Par Patrick Lawrence

Friedrich Merz, Julia Klöckner ; CDU ZUKUNFTSKONGRESS am 27.04.2023 in Berlin (Tempodrom), Deutschland (by Dr. Frank Gaeth) | Wikimedia

Il s’agit du premier de quatre rapports sur les crises qui assaillent aujourd’hui l’Allemagne – ce qu’elles sont, l’histoire qui les a engendrées et la manière dont les Allemands envisagent de trouver à nouveau leur voie.

Je remercie Eva-Maria Föllmer-Müller et Karl-Jürgen Müller, de Bazenheid, en Suisse, pour leur aide indéfectible lors de la rédaction de cette série.

Parmi les nombreuses choses qui ont été dites – des choses perspicaces, sages et parfois stupides – à l’annonce des résultats des élections nationales allemandes dimanche soir 23 février, la plus remarquable à mes yeux a été l’exclamation du futur chancelier de la République fédérale d’Allemagne : « Nous avons gagné », a déclaré Friedrich Merz devant ses partisans à Berlin, alors que les sondages de sortie des urnes, qui se sont révélés exacts, donnaient à l’Union chrétienne-démocrate conservatrice la plus grande part des voix.
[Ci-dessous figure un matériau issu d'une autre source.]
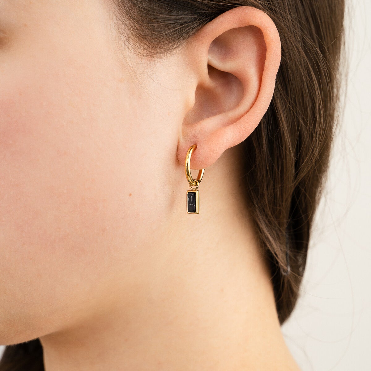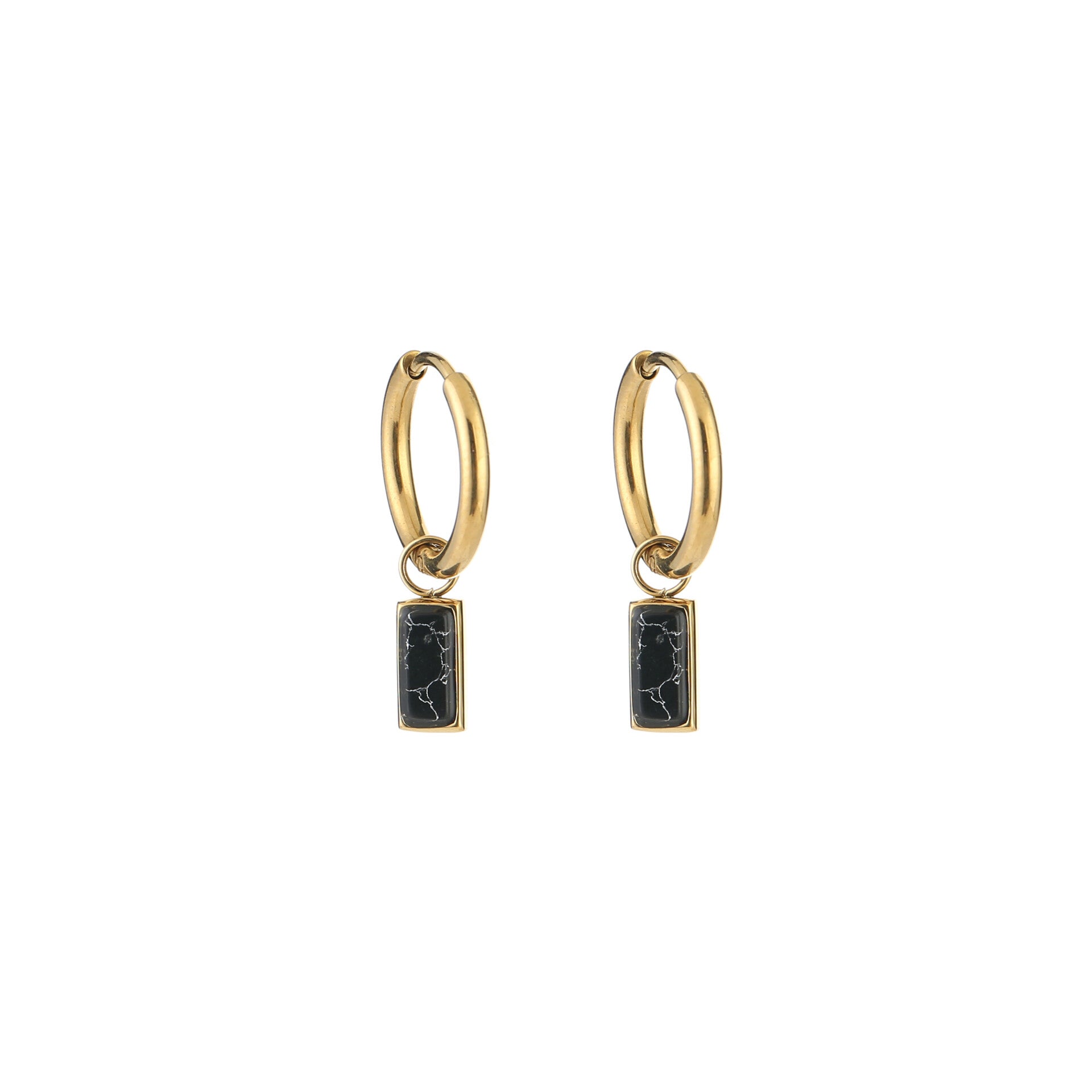 Hele mooie gouden oorbellen met een zwarte hanger. Deze oorbellen zijn gemaakt van roestvrij staal.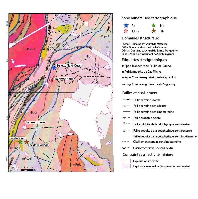 La nouvelle carte géologique à l’échelle 1/50 000 rehausse de manière notable les connaissances stratigraphiques, structurales et métallogéniques de la région du lac Poulin-De Courval. Cependant, la relation structurale et métamorphique entre la Zone de cisaillement de Saint-Fulgence et la mise en place des minéralisations en ETR reste à élucider.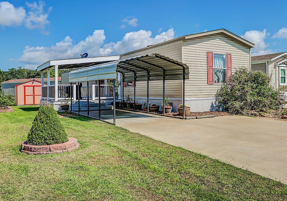 new roof April 2021 with upgraded architecture shingles under warranty, insulated skirting w/ plastic landscaping timbers April 2021, complete ac August 2020 with blue tooth thermostat, composite covered deck 2018, ADT security system with ring doorbell 2018, carport 2018, and10x10 shed July 2017. Flower garden with rock drainage 2017. Lot rent is 330 monthly at Tropicana Village Manufactured Park in Moscow Mills, MO 63362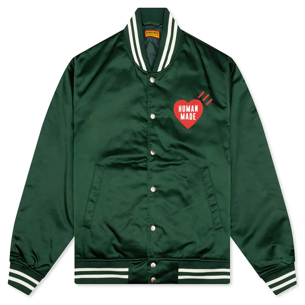 The Nylon Stadium Jacket in Black is made from durable nylon and features a ribbed knit collar and cuffs for a comfortable fit. With a button closure, it showcases screen-printed branding on the front and back, adding a stylish touch to your outerwear collection. - 100% Nylon - Ribbed knit collar - Ribbed cuffs - Button closure - Screen printed branding on front and back - Style No: HM30JK038-GRN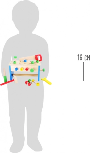 W komplecie znajduje się pełny zestaw narzędzi – śrubokręt, klucz, młotek i piła – wraz z kolorowymi śrubami i nakrętkami do nieskończonych kombinacji przykręcania. Zabawa wspiera zdolności koordynacyjne, logiczne myślenie i cierpliwość.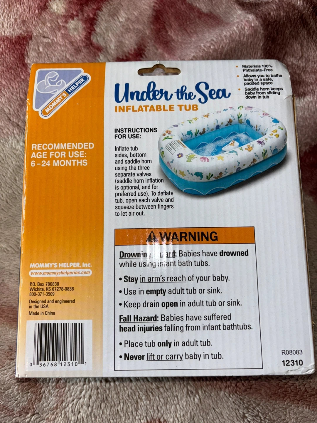 This is the Mommy's Helper Under the Sea inflatable tub. It's made from 100% phthalate-free materials and includes a saddle horn to help keep your baby from sliding down. Allows you to bathe baby in a safe, padded space. Gently used a few times.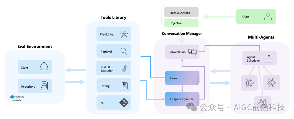多智能体协作:AutoDev的架构支持多个智能体协同工作,每个智能体都有特定的角色和责任,共同完成复杂的软件工程任务。

Merz fait partie de ces personnalités politiques qui ont l’habitude de parler avant de penser, et personne ne semble avoir pris cette sortie pour autre chose que la déclaration d’un vainqueur exubérant le soir de l’élection. Je l’ai entendu différemment. Pour moi, les quatre mots de M. Merz trahissaient une nation en crise : sa politique et son économie en désordre, ses dirigeants sans vision, son malaise omniprésent, les fractures de plus en plus profondes entre les 83 millions d’Allemands – l’incapacité de l’Allemagne, disons, à se parler à elle-même ou à comprendre, même, ce que signifie dire : « Nous avons gagné ».  

Le « nous » de l’humble Merz désigne la CDU, qu’il dirige, et son partenaire de longue date, l’Union chrétienne-sociale. Mais à quel point cette notion de victoire est-elle étroite pour quelqu’un qui prétend être non seulement un leader national, mais aussi un leader européen ? La CDU/CSU n’a obtenu que 29 % des voix, soit juste assez pour former une nouvelle coalition gouvernementale. Il reste donc 71 % des électeurs allemands qui n’ont rien gagné.
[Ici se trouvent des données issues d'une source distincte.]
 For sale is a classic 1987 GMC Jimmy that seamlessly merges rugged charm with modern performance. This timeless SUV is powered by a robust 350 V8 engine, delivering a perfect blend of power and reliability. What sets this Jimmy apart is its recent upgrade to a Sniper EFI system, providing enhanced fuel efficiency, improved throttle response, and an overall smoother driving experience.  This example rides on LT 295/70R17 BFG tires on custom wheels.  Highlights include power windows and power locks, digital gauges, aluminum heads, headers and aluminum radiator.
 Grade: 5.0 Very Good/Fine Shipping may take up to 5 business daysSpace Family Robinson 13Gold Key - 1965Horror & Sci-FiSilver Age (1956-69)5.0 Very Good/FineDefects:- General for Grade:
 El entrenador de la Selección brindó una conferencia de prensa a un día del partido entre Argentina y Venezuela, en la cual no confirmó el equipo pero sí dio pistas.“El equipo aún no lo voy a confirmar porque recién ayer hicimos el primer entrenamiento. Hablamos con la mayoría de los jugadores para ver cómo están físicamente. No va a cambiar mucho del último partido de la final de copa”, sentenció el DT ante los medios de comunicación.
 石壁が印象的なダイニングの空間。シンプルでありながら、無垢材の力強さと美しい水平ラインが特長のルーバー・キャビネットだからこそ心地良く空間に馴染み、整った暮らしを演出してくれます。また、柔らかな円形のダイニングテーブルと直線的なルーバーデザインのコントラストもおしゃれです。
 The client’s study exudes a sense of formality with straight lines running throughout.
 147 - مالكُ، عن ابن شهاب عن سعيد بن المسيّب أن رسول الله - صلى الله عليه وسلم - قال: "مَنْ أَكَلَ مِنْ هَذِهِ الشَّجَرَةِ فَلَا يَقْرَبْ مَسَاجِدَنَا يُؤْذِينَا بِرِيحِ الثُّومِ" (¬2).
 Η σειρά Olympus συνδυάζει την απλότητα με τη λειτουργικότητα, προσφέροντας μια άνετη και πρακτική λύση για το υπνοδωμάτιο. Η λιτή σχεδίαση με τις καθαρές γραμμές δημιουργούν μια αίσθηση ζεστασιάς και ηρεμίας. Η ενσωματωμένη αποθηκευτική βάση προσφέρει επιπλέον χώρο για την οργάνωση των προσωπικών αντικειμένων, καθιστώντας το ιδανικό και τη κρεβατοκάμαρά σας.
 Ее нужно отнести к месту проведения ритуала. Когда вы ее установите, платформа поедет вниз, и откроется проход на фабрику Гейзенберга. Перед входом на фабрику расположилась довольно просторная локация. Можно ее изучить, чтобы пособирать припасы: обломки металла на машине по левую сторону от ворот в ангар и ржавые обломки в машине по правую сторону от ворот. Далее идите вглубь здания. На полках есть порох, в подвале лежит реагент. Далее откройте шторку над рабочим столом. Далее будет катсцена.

Le « nous » du prochain chancelier, pour en venir directement à la signification plus large des élections allemandes, devrait nous alarmer tous à travers l’Occident, et pas seulement en Allemagne, étant donné la manière dont M. Merz et ses partenaires de coalition ont l’intention de conduire la République fédérale. Ils ont clairement fait connaître leurs intentions radicales avant même que M. Merz n’entre officiellement en fonction. Il s’agit de démanteler la social-démocratie la plus avancée d’Europe en faveur d’un réarmement rapide et radical – choquant en soi compte tenu de l’histoire de l’Allemagne – et d’un retour aux hostilités toujours périlleuses de la guerre froide. La rapidité de ce virage semble prendre tout le monde par surprise : Le lundi 1er avril, la Bundeswehr a commencé à stationner une brigade blindée en Lituanie, le premier déploiement à long terme de troupes allemandes à l’étranger depuis la Seconde Guerre mondiale.      
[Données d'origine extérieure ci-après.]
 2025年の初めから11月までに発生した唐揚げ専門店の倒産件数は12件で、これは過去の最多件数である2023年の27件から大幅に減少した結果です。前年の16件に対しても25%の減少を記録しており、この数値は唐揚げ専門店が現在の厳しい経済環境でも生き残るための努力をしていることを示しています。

L’histoire, que j’invoque tout au long de cette série, hante ce moment de transformation comme un fantôme. Nombreux sont ceux qui ont vu dans la république d’après-guerre la promesse que le monde transatlantique pourrait prendre une nouvelle direction, que l’Occident pourrait cultiver – je ferai ici un raccourci – une forme de démocratie plus humaniste, ou humanisée. Dans les années 1960, Ludwig Erhard, ministre de l’économie de Konrad Adenauer, a mis au point la soziale Marktwirtschaft, l’économie sociale de marché, un modèle très différent du fondamentalisme du marché libre que les États-Unis imposaient alors au monde. Ce modèle a renforcé la puissance des syndicats et permis aux travailleurs de siéger dans les conseils d’administration des entreprises, entre autres choses, et, ce faisant, a suscité l’idée que la tradition sociale-démocrate de l’Europe pourrait enfin dompter les excès du capitalisme.

À la fin des années 1960, Willy Brandt, ministre social-démocrate des affaires étrangères puis chancelier, a mis au point sa fameuse Ostpolitik, une politique qui ouvrait la République fédérale à ses voisins du bloc de l’Est et à l’Union soviétique. Il s’agissait non seulement d’un rejet du binaire de la guerre froide de Washington, mais aussi d’une réponse décisive à l’animosité anti-russe qui a marqué l’histoire de l’Allemagne pendant un siècle.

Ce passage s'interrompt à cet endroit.